Section 79 of the charter of the city of Portland, provides that “ no grade or improvement mentioned in section 78, can be undertaken or made without ten days’ notice thereof being first given by publication in some daily newspaper published in the city of Portland.”
Section 89 provides that ‘ ‘ a sum of money assessed for the improvement of a street cannot be collected until by order of the council, ten days’ notice thereof is given by the auditor by publication in a daily newspaper] published in the city of Portland; such notice must substantially contain the matters required to be entered in the docket of city liens, concerning such assessment.” The errors assigned in the petition for the writ of review in this case, are that the record attacked in this proceeding does not show that the notice required by the section just quoted was ever given. That such notice was given is essential to the validity of the ordinance, and the assessment cannot be questioned.

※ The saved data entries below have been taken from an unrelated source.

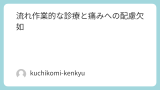 クチコミ研究® 流れ作業的な診療と痛みへの配慮欠如 流れ作業的な診療と痛みへの配慮欠如❌ 1、あなたが過去ネット上に書き込んだ(または書き込みそうになった)病院や歯科医(美容クリニック含む)の悪いレビュー・口コミ内容を具体的に教えてください。先日、虫歯治療で通い始めた歯医者の口コミを書きそう... 2026.04.02 クチコミ研究®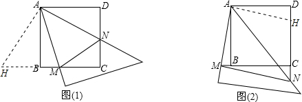 分析:(1)延长MB到H,使BH=DN,连结AH,先利用“SAS”可判断△ABH≌△ADN,则AH=AN,∠HAB=∠NAD,由于∠MAN=45°,则∠DAN+∠BAM=45°得到∠HAM=∠NAM,然后再根据“SAS”证明△AMH≌△AMN,则MH=MN,即HB+MB=MN,所以MN=BM+DN;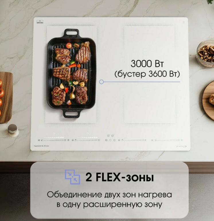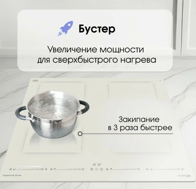 - Автоматическое определение размера посуды и адаптация мощности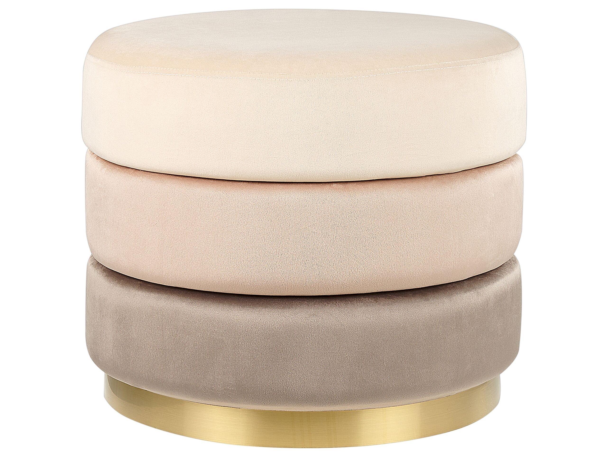 Pouf rivestito imbottito. Tuffati nel fascino accattivante di questo eccezionale pouf, una straordinaria fusione di glamour moderno. Avvolto in un sontuoso tessuto di velluto che passa con grazia attraverso un'incantevole combinazione di colori sfumati. La sua base in metallo dorato aggiunge un tocco di sfarzo, al tuo arredamento. Con il suo design unico e il suo comfort, questo pouf promette di essere il fulcro della raffinatezza in qualsiasi stanza.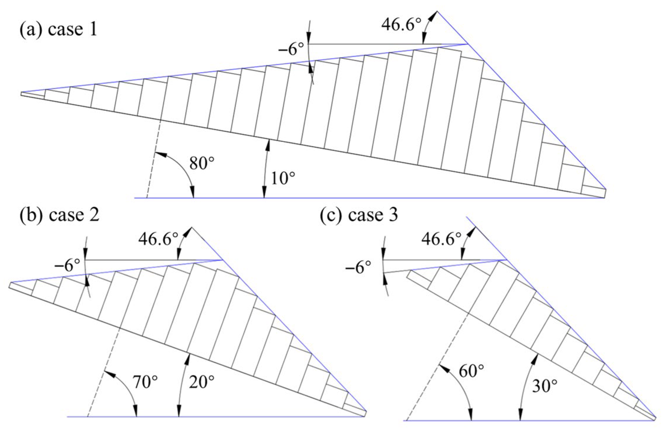 38] improved the solution and pointed out that the transition position at which rock blocks convert from toppling to sliding should be determined through the application of the limit friction equilibrium condition at the block base. Currently, no scholars have calculated the toppling stability of slopes with non-orthogonal structural plane blocks under seismic loads by pseudo-continuous medium methods.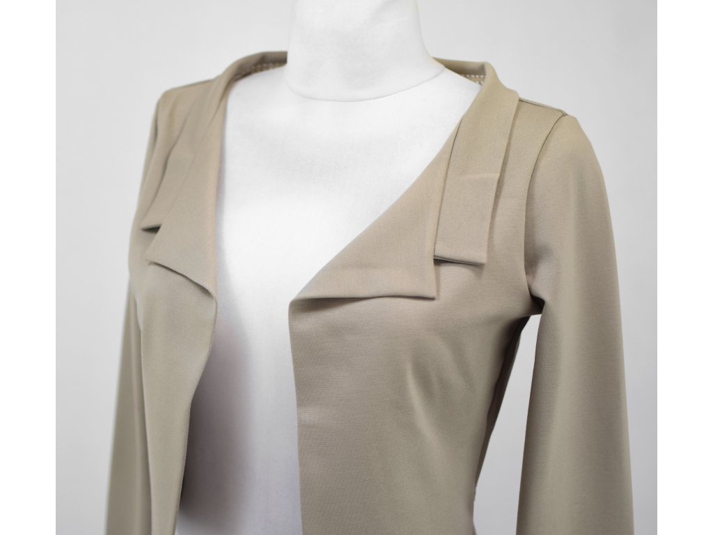 Elegantní i volnočasové krátké sáčko otevřeného střihu bez zapínání, s dlouhými rukávy. Zadní díl je lehce prodloužený tvarovaný do oblouku. Vhodné ke kolovým a pasovým sukním. Dobře se kombinuje i s dalšími druhy oblečení, třeba se společenskými šaty. Ozdobná etiketa našitá na zadním boku nesmí přijít do sušičky.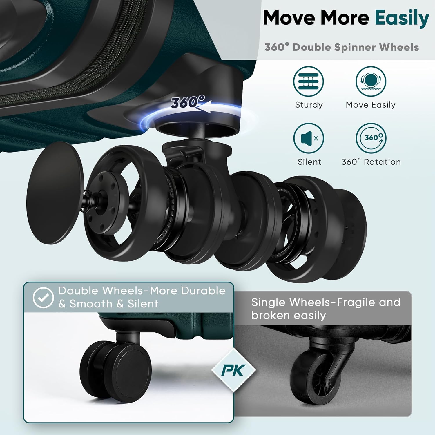 - Suitcase with Double Wheels: The luggage boasts 360°double whisper-quiet wheels that effortlessly roll with a graceful across all surfaces, ensuring a seamless journey devoid of disruptive noise. Wheels have undergone extensive professional testing (rolling test/shocking test/walking test/fatigue test) to ensure optimal performance under various conditions.

The city council of Portland in passing the ordinance and levying the assessment under review, was in the exercise of “ a statute authority in derogation of the common law,” which it could only exercise in strict pursuance of the mode prescribed by the statute. Without the notice prescribed by sections 79 and 89 of the charter, the proceeding was -without jurisdiction and was void.
Appellants admit the correctness of these principles, and admit that it is a general rule of law that “the jurisdiction of limited and inferior tribunals must be shown affirmatively *400to confer validity on their acts and will not be presumed,” and they seek to sustain the ordinance and assessment under review, entirely upon the theory that section 139 of the charter of the city of Portland reverses the general rule of law, and imposes upon the party denying the validity of the ordinance and assessment the burden of showing affirmatively that the city council acted without jurisdiction.
It is conceded that but for this section of the charter it would be essential to the validity of the ordinance and assessment, that the records should contain legal proof that the requisite notices were published. It thus becomes necessary for us to consider the effect of section 139 of 'the city charter on this proceeding. That section provides that “In any action, suit or proceeding in any court, concerning any assessment of property or levy of taxes, authorized by this act, or the collection of any such tax, or proceeding consequent thereon, such assessment, levy, consequent proceeding and all proceedings connected therewith, shall be presumed to be regular, and duly done or taken, until the contrary is shown, and when any proceeding, matter or thing is by this act committed or left to the judgment of the council, such discretion or judgment, when exercised or declared, is final and cannot be reviewed or called in question elsewhere.”
It may well be, doubted whether this question can be so construed as to require the courts to presume the jurisdiction of the city council to pass an ordinance providing for a street improvement, or the levy of an assessment for such improvement upon the property adjoining, even in a collateral proceeding. Without jurisdiction there could be no assessment of property or levy of taxes, authorized by the act. The attempted assessment or levy would not be authorized by the act and would be absolutely void. No question as to its regularity could be raised. We think that the correct construction of the section is that after jurisdiction of the subject-matter and property is acquired, without which there could be no assessment or levy, the subsequent proceedings will be presumed regular and duly done or *401taken until the contrary is shown. This construction is not inconsistent with the language used, and is in accordance with the established rules of law in regard to such sales.
We are further of the opinion that the decision of the court below would have been correct, even if the presumption had been in favor of the jurisdiction of the city council. This proceeding directly attacks the ordinance and assessment. The petition alleges that no notice was given of the proposed improvement or of the assessment. To prove this, respondent caused to be presented to’ the court the record. He could only show the error by the record. The record, when produced, failed to show that notice was given. If the law required him to prove a negative, the want of notice, we think he did so when he caused the record to be produced, and that failed to show that it was given.
It follows, from the views herein expressed, that the judgment of the court below ought to be affirmed.